## Your assignment
Return each entry word for word. Leave the images out.

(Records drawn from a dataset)
▬▬▬

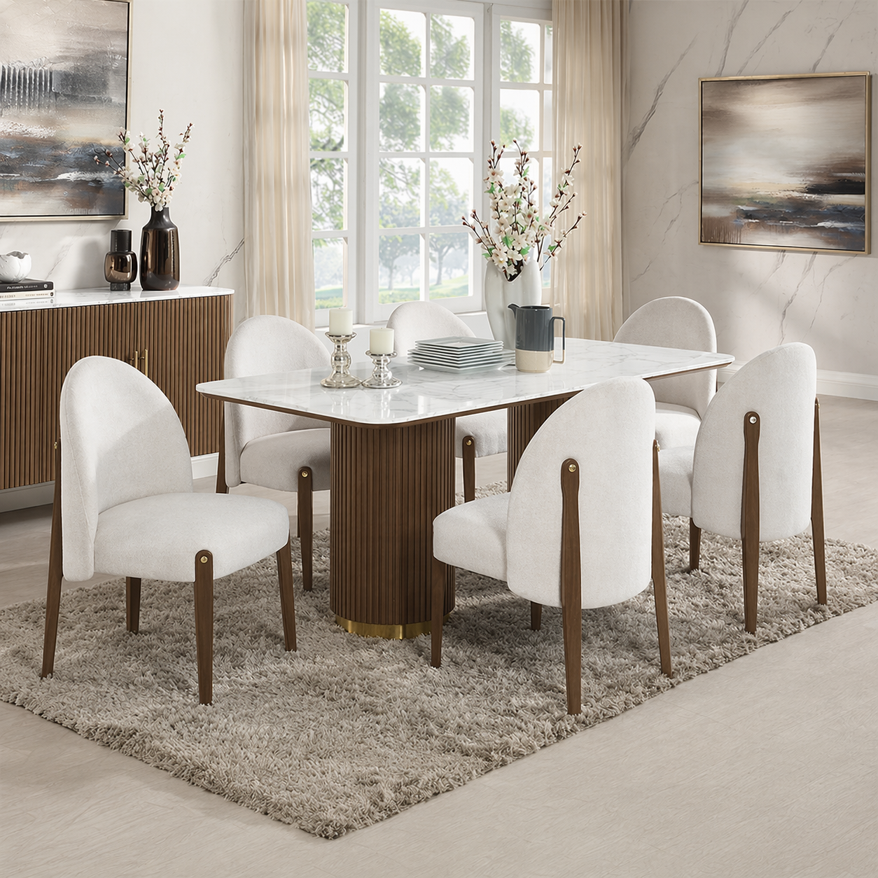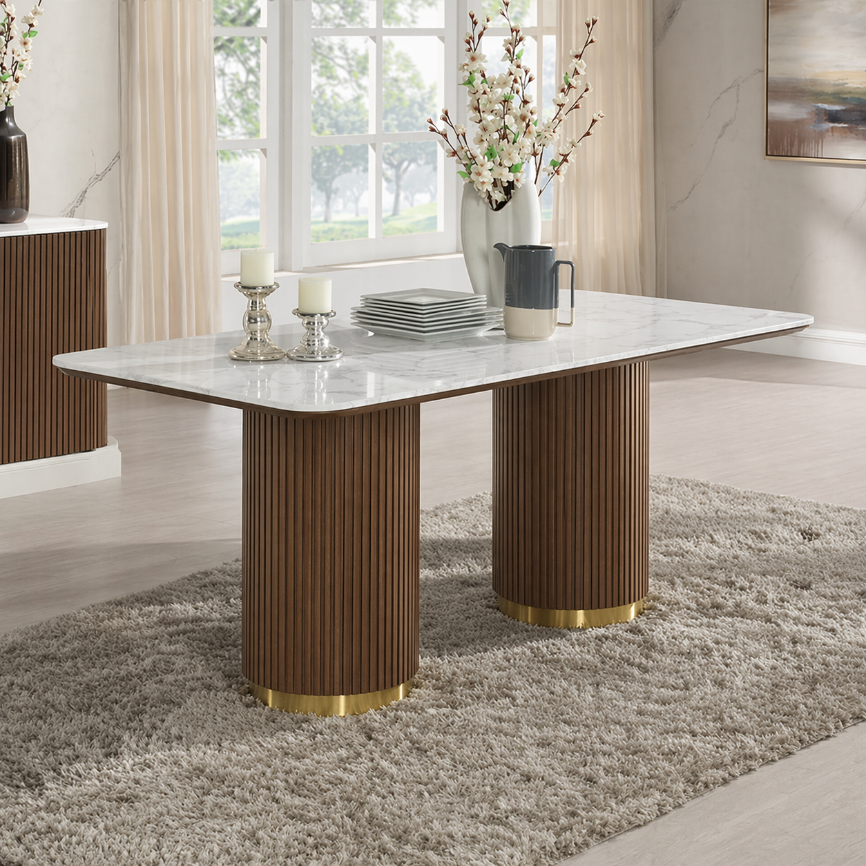 Bring refined elegance to your dining room with the Clay Dining Table. Showcasing a sleek rectangular silhouette, this statement piece features a fixed white marble top that adds a bright, luxurious feel to any space. The striking double pedestal base is accented with metal trim for a sophisticated touch, blending modern design with timeless appeal. Perfect for everyday dining or special gatherings, the Clay collection creates a polished setting for memorable meals. Pair it with upholstered dining chairs and the coordinating server to complete the look with comfort and contemporary style.
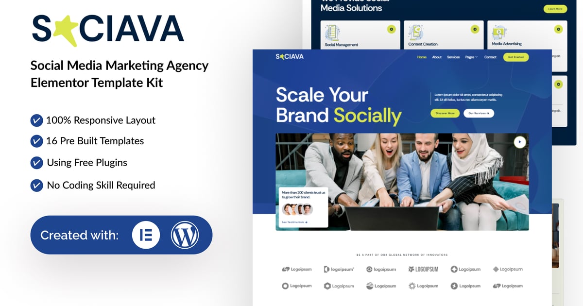 Sociava – Social Media Marketing Agency Elementor Template Kit
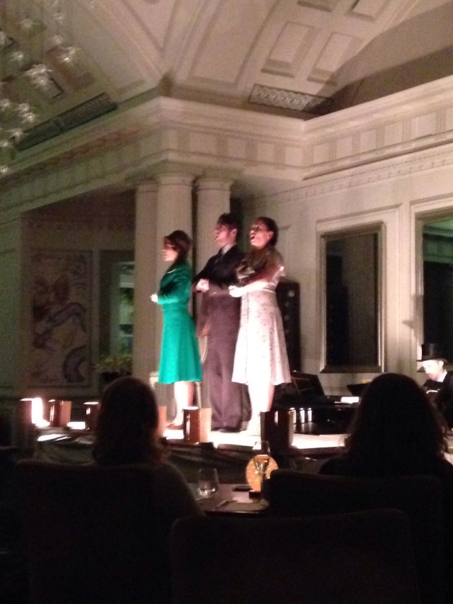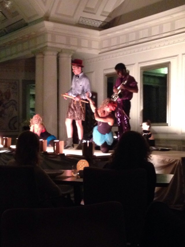 The stage was set up in the centre of the restaurant and the 3 courses were served to align with the 3 acts.
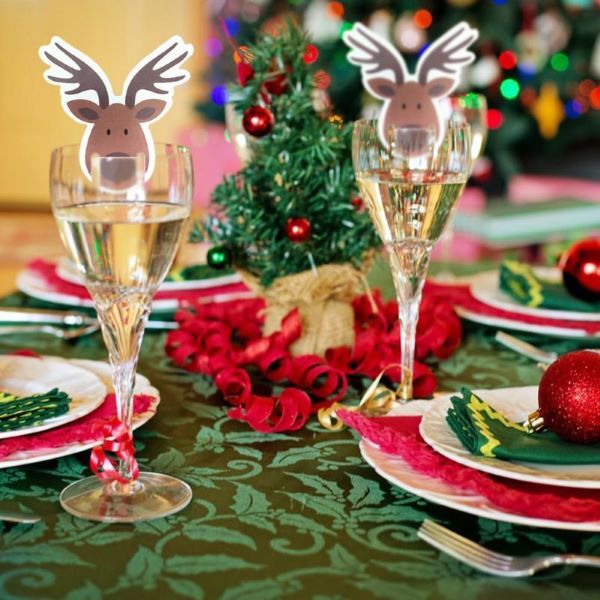 Rozveseľte svoje sviatočné poháre týmito veselými ozdobami na poháre s mikulášskou čiapkou a jeleňom.
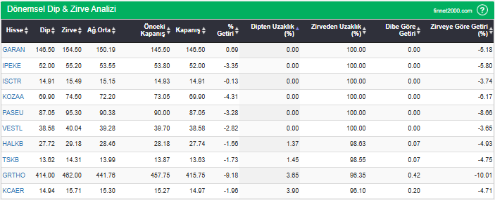 Hisselerin en düşük fiyatlarını, en yüksek fiyatlarını, ağırlıklı ortalama ve kapanış fiyatlarını, dipten ve zirveden uzaklıklarını görebilirsiniz. Hisselerin dip ve zirve seviyelerini takip ederek fiyatlarının dip ve zirve seviyelerine göre ne kadar iskontolu yada primli olduğunu
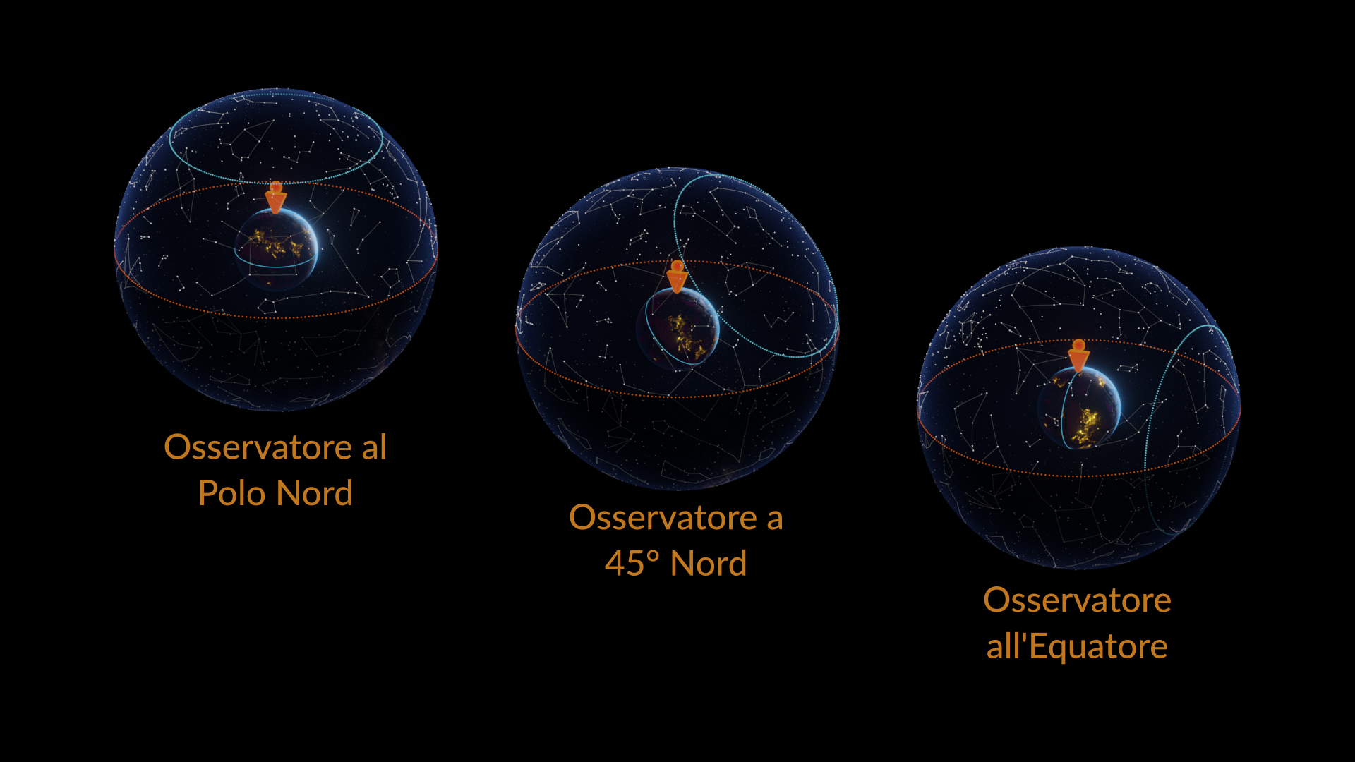 Ai poli Nord e Sud della Terra, il polo celeste corrispondente si trova direttamente sopra la testa e tutto il cielo settentrionale o meridionale resta sempre sopra l’orizzonte; le stelle si muovono in cerchi nel cielo senza mai sorgere né tramontare. Man mano che ci si avvicina all’equatore, i poli celesti si abbassano verso l’orizzonte e alcune costellazioni iniziano a sorgere e tramontare, mentre altre rimangono sempre visibili.

▬▬▬

## Exercise output
 Bring refined elegance to your dining room with the Clay Dining Table. Showcasing a sleek rectangular silhouette, this statement piece features a fixed white marble top that adds a bright, luxurious feel to any space. The striking double pedestal base is accented with metal trim for a sophisticated touch, blending modern design with timeless appeal. Perfect for everyday dining or special gatherings, the Clay collection creates a polished setting for memorable meals. Pair it with upholstered dining chairs and the coordinating server to complete the look with comfort and contemporary style.
 Sociava – Social Media Marketing Agency Elementor Template Kit
 The stage was set up in the centre of the restaurant and the 3 courses were served to align with the 3 acts.
 Rozveseľte svoje sviatočné poháre týmito veselými ozdobami na poháre s mikulášskou čiapkou a jeleňom.
 Hisselerin en düşük fiyatlarını, en yüksek fiyatlarını, ağırlıklı ortalama ve kapanış fiyatlarını, dipten ve zirveden uzaklıklarını görebilirsiniz. Hisselerin dip ve zirve seviyelerini takip ederek fiyatlarının dip ve zirve seviyelerine göre ne kadar iskontolu yada primli olduğunu
 Ai poli Nord e Sud della Terra, il polo celeste corrispondente si trova direttamente sopra la testa e tutto il cielo settentrionale o meridionale resta sempre sopra l’orizzonte; le stelle si muovono in cerchi nel cielo senza mai sorgere né tramontare. Man mano che ci si avvicina all’equatore, i poli celesti si abbassano verso l’orizzonte e alcune costellazioni iniziano a sorgere e tramontare, mentre altre rimangono sempre visibili.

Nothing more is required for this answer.